Use these contract-stage questions before signing:
| Due diligence area | Question to validate | Why it matters |
|---|---|---|
| Coverage quality | How many institutions are production-ready in our target markets? | prevents expansion assumptions from failing later |
| Reliability model | What are real uptime, latency, and failover commitments? | protects conversion and SLA expectations |
| Incident workflow | Who owns triage, evidence, and resolution timelines? | reduces ambiguity during outages |
| Data model stability | How often do payloads/status semantics change? | influences change-management overhead |
| Sandbox quality | Does test data reflect real production edge cases? | reduces launch surprises |
| Commercial terms | What costs scale with volume or extra endpoints? | protects margin as usage grows |
| Exit readiness | How hard is it to migrate critical flows away? | limits long-term vendor lock-in |
For teams formalizing this process with procurement and product, a structured how to write RFP approach helps keep decisions measurable and comparable.
12-month scaling blueprint: from launch to resilient infrastructure
A lot of embedded finance programs move from pilot to complexity shock in under a year. A simple 12-month blueprint helps avoid that jump.
Quarter 1: launch with control boundaries
Go live with one or two high-priority journeys, but define architecture boundaries from day one: where provider logic ends, where product logic starts, and where observability lives.
Quarter 2: stabilize and instrument
Focus on failed-journey reduction, status normalization, and incident response discipline. Add business-event tracing before adding major feature scope.
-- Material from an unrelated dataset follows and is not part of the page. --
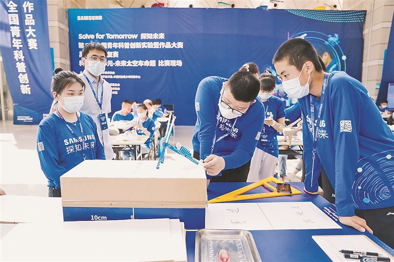 在智慧社区命题大学组比赛中,哈尔滨工业大学、哈尔滨工程大学、东北农业大学等省内多所高校的20支队伍瞄准前沿科技领域,围绕家居生活和社区活动,利用人工智能、物联网等与AIoT相关的技术进行作品设计。未来太空车命题比赛面向中学生,考察学生对科学原理的基本理解以及动手实践操作的能力。赛场上,各组参赛选手在行驶动力支撑、速度、阻力、摩擦力等制约因素下,发挥集体的创造力,现场制作“太空车”模型,并进行爬越障碍物的测试。

Quarter 3: optimize unit economics
Use KPI data to improve conversion, reduce support load, and refine consent/payment paths. This is the quarter where margin gains usually become visible.
Quarter 4: expand with governance
Only expand providers/markets after establishing repeatable onboarding, risk controls, and executive ownership for infrastructure decisions.
| Quarter | Primary goal | Success signal |
|---|---|---|
| Q1 | controlled launch | reliable core journeys in production |
| Q2 | reliability and observability | lower incident volume and faster triage |
| Q3 | efficiency and margin | lower cost-to-serve per transaction |
| Q4 | scalable expansion | faster provider/market rollout with predictable risk |
This roadmap turns open banking from a feature dependency into an infrastructure asset.
Conclusion
Open banking infrastructure is no longer optional plumbing. It is a strategic growth layer for embedded finance products.
Brankas and similar providers can accelerate launch and reduce initial complexity, especially in fragmented regional ecosystems. But long-term outcomes depend on architecture discipline: normalization, orchestration, observability, and clear governance.
The teams that win are not the ones with the most integrations. They are the ones with the cleanest operating model behind those integrations.
If you are building or scaling embedded finance, treat open banking infrastructure as a product capability with executive ownership, not a background integration task.